Task statement:
Pictures appear among the records below and must be omitted. Repeat exactly the lines from the line with "Artful and effortless, this" to the line with "Transform the look", both included.

Input data:
=== Section Start ===
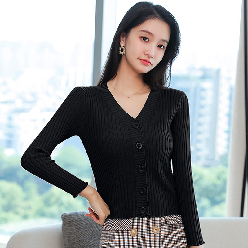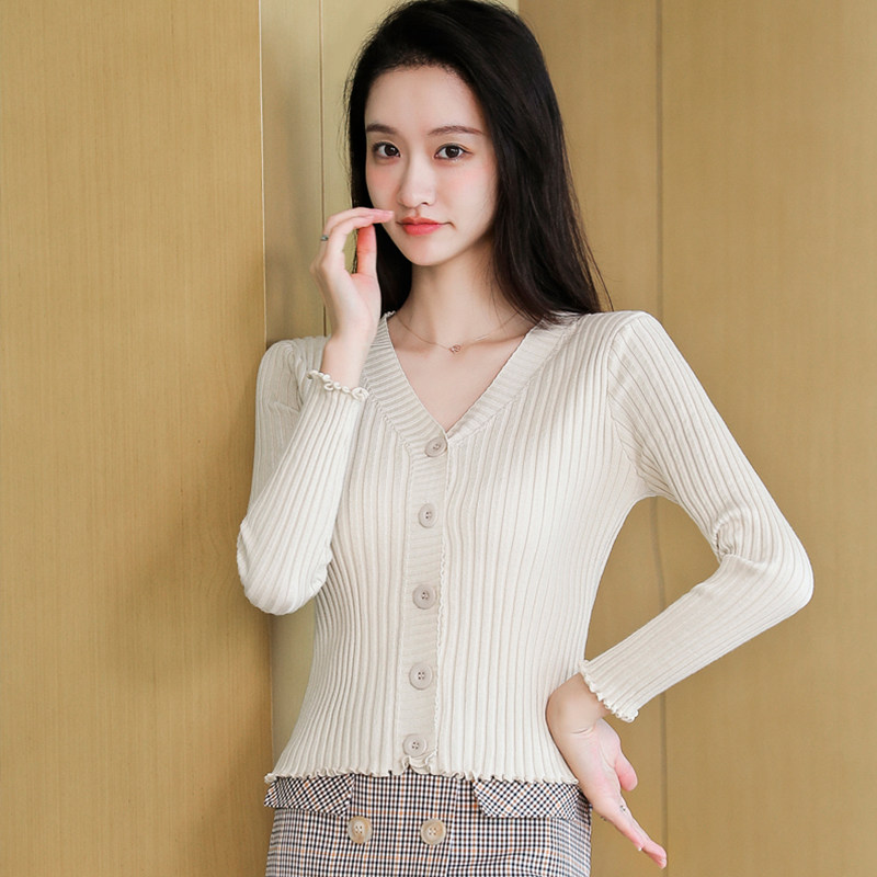 2022 Early spring V collar knit cardiovert woman spring and autumn slim fit small subshort jacket lady sweater jacket
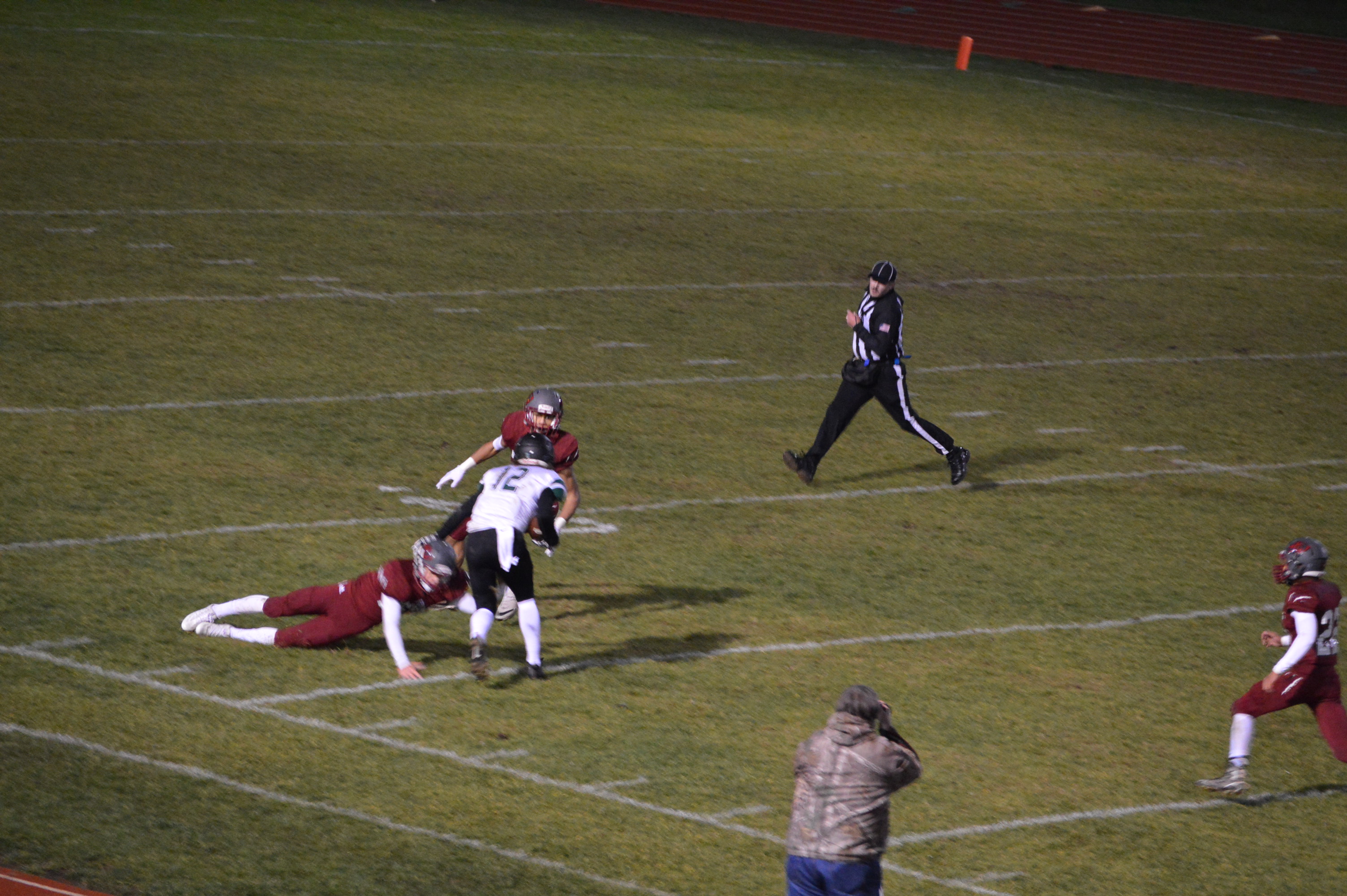 On the next drive Woodland looked like they might roll down the field and punch in the go ahead score with little or no time to play. But the Bearcat defense who just gave up a 43-yard scramble play from Harsh to Wooden to get to the Bearcat 45 then came through with the stand of the game holding the Beavers forcing a 4th and 5 and they elected to punt with 1:07 to play in the game. This was named our ProActive Physical Therapy Play of the Game.
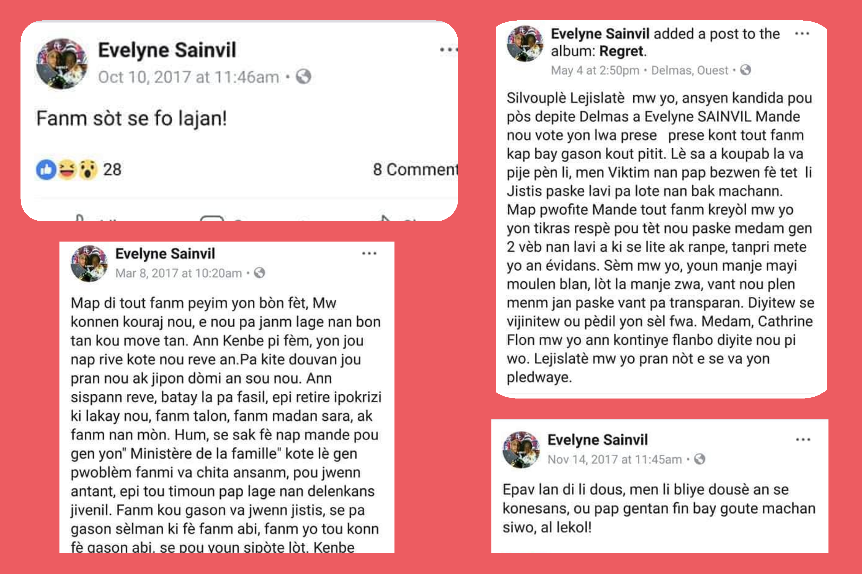 Ayibopost publie in extenso la lettre de contestation de la nomination de Madame Evelyne Sainvil à la tête du ministère de la Condition Féminine et aux droits des femmes. Cette lettre est signée par plus d’une soixantaine de personnalités publiques et d’organisations de défense des droits des femmes . Madame Sainvil avant d’être nommée à la tête du MCFDF a ouvertement eu des propos anti-féministes et parfois anti-femmes comme le démontre les captures d’écran de sa page facebook personnelle.
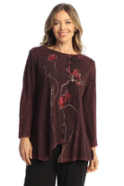 Artful and effortless, this long sleeve top features a painterly floral design on a rich burgundy backdrop. Crafted from soft, breathable fabric with an easy, flowy fit and asymmetrical hem - perfect for adding a touch of elegance to everyday wear.
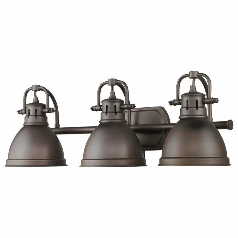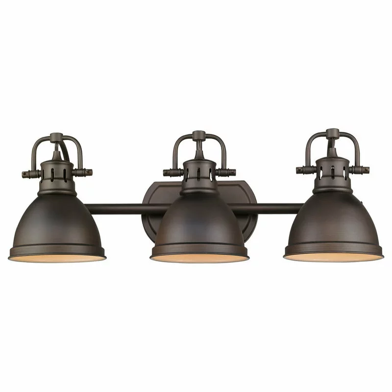 Transform the look of your room with this classic, vintage-inspired fixture by Golden Lighting. Golden Lighting’s Duncan collection is contemporary style with an industrial feel. The collection features a variety of simple, traditional silhouettes that are a nod to a bygone era. A variety of plated and painted metal shade finishes are offered in combination with durable Aged Brass, Chrome or Pewter fixture bodies. Rubbed Bronze fixtures are paired with Rubbed Bronze shades. This 3 light bath vanity is UL approved for use in a bathroom. The style is perfect for modern or contemporary home decors.
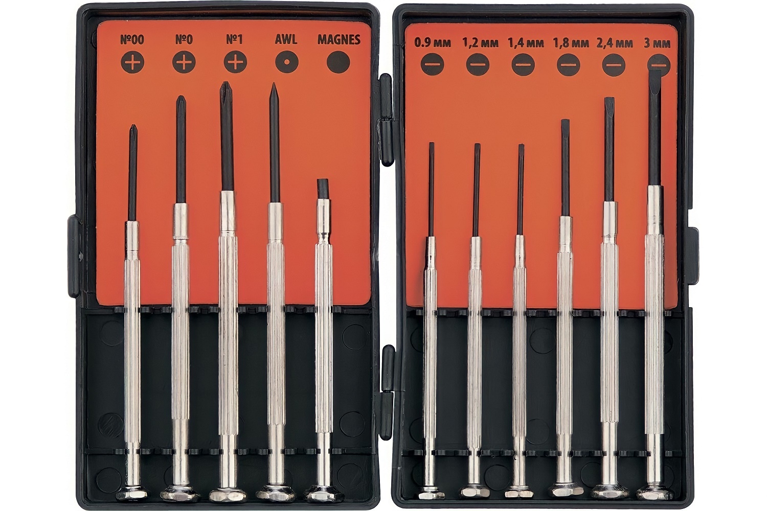 Набор отверток Sparta, в него входит 10 отверток и 1 магнит. Рукоятки отверток металлические, а насадки изготовлены из хромованадиевой легированной стали, устойчивой к ударам и падениям. Тип наконечника отверток крестообразный и прямой. Они предназначены для точных работ. Набор удобен тем, что все отвертки находятся в кейсе. Трещоточный механизм у данных отверток не предусмотрен. Все отвертки разного размера.
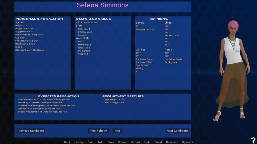 | Ruthless Mogul | Prioritizing obedience, submission, and addiction serums. Using dialogue for intimidation and control. Investing in security and premium services first. | Maximum short-term profits and absolute command over your employees. Unlocks darker, domination-focused story paths. |
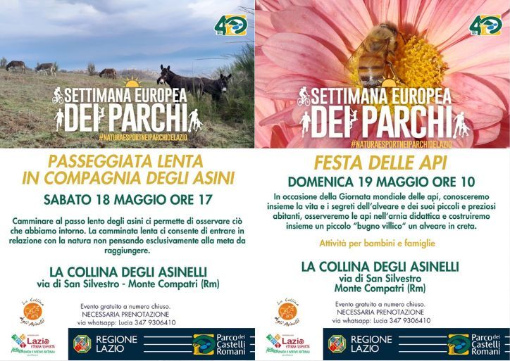 Per l’occasione il Parco dei Castelli Romani organizza alcuni eventi, tra i quali quelli che si svolgeranno presso la Collina degli Asinelli, sabato 18 maggio con la “Passeggiata lenta in compagnia degli asinelli”, e domenica 19 maggio con “La Festa delle api”. Le descrizioni sono disponibili nelle locandine postate.
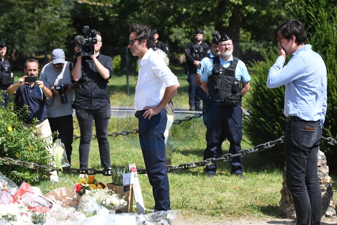 Anthony Delon et son demi-frère Alain-Fabien découvrent les hommages devant les grilles de la propriété de Douchy, quelques heures avant les obsèques de leur père, A.Delon, le 24 août 2024. Décédé le 18 août 2024, l'acteur a rendu son dernier souffle, entouré des siens dans sa propriété de Douchy, où il sera inhumé, le 24 août 2024 vers 17 heures dans une chapelle, construite il y a une vingtaine d'années. Anthony Delon and his half-brother Alain-Fabien discover the tributes in front of the gates of the Douchy property, a few hours before the funeral of their father, A. Delon, on August 24, 2024. Deceased on August 18, 2024, the actor took his last breath, surrounded by his family in his Douchy property, where he will be buried on August 24, 2024 around 5 p.m. in a chapel, built around twenty years ago.
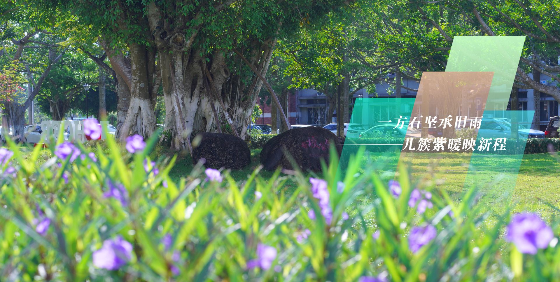 一方石坚承旧雨 几簇紫暖映新程
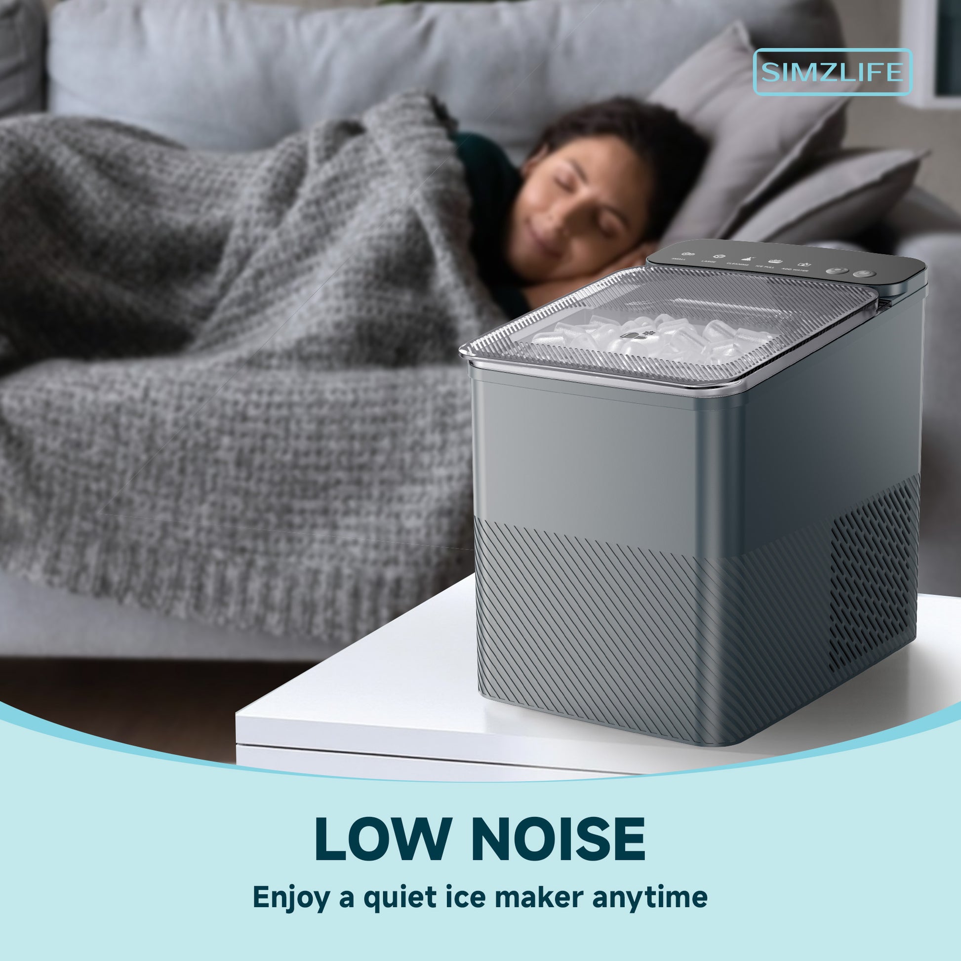 Simzlife Ice Maker Countertop, 9 Cubes Ready in 6 Mins, 26lbs in 24Hrs, Self-Cleaning Ice Machine with Ice Scoop and Basket, 2 Sizes of Bullet Ice for Home Kitchen Office Bar Party, Grey
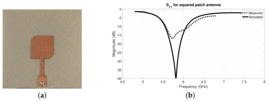 Through the analysis of the graphs from Figure 14b and Figure 12b, for the squared and circular patch respectively, it is possible to observe that the measured results are slightly shifted in frequency, in relation to the simulated ones. Nonetheless, acceptable values were obtained for 5.8 GHz, namely −15.15 dB for the squared patch and −12.43 dB for the circular patch. These antennas have several losses on their efficiency since textile substrate material is heterogeneous and highly porous, hence small deviation in the measured results were expected.
=== Section End ===
Response area:
 Artful and effortless, this long sleeve top features a painterly floral design on a rich burgundy backdrop. Crafted from soft, breathable fabric with an easy, flowy fit and asymmetrical hem - perfect for adding a touch of elegance to everyday wear.
 Transform the look of your room with this classic, vintage-inspired fixture by Golden Lighting. Golden Lighting’s Duncan collection is contemporary style with an industrial feel. The collection features a variety of simple, traditional silhouettes that are a nod to a bygone era. A variety of plated and painted metal shade finishes are offered in combination with durable Aged Brass, Chrome or Pewter fixture bodies. Rubbed Bronze fixtures are paired with Rubbed Bronze shades. This 3 light bath vanity is UL approved for use in a bathroom. The style is perfect for modern or contemporary home decors.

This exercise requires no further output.